Laser ablation of Si under a water surface has been investigated. The laser used is a KrF excimer laser, which has a wavelength of 248 nm and a pulse duration of 23 ns. It is found that the laser ablation rate of Si varies with the thickness of the water layer above the Si substrates. The laser ablation rate is the most highly enhanced with a water layer of 1.1 mm. It is assumed that the plasma generated in the water confinement regime with an optimal water layer thickness induces the strongest pressure. This high-pressure, high-temperature plasma results in the highest ablation rate. A wide-band microphone is used to detect the audible acoustic wave generated during the laser ablation.

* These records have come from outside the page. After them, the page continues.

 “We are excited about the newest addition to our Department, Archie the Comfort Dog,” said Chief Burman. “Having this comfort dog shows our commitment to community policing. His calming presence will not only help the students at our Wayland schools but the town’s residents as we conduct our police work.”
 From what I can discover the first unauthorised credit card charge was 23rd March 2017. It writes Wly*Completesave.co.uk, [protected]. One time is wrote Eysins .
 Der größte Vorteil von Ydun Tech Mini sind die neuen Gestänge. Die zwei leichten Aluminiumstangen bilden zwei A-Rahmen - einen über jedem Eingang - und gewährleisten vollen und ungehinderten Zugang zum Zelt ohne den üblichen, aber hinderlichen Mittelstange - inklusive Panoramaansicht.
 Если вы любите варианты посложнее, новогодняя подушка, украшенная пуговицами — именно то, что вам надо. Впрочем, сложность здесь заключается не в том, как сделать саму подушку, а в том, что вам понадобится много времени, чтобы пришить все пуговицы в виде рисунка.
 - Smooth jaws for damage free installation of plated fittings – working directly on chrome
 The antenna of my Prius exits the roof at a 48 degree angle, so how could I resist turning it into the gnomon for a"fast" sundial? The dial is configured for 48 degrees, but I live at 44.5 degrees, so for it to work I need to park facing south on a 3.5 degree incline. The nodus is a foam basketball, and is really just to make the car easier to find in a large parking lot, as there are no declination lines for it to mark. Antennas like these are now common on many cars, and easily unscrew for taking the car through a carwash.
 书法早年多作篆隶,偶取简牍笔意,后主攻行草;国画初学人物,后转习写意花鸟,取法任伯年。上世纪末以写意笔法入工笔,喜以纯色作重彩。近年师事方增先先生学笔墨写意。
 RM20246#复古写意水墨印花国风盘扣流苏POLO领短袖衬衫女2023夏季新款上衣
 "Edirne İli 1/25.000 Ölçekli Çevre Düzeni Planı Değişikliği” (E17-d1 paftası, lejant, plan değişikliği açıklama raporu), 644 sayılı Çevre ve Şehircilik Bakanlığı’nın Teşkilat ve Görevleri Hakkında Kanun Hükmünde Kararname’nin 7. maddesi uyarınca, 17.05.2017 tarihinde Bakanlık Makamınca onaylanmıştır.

The amplitude of the acoustic wave is closely related to the ablation rate. It is found that the first peak-to-peak amplitude of the acoustic wave is the strongest when the water layer thickness is 1.1 mm above the substrate. Fast Fourier transform analysis of the wave forms shows that there are several frequency components included in the acoustic waves. The dominant frequency component decreases from 10.6 to 3.5 kHz as the water layer thickness varies from 1 to 2.2 mm. Diagnostics of the acoustic wave emission can be used to find the optimal water layer thickness to enhance the laser ablation rate. With proper calibration, acoustic-wave detection can be used as a real-time monitoring of the laser ablation.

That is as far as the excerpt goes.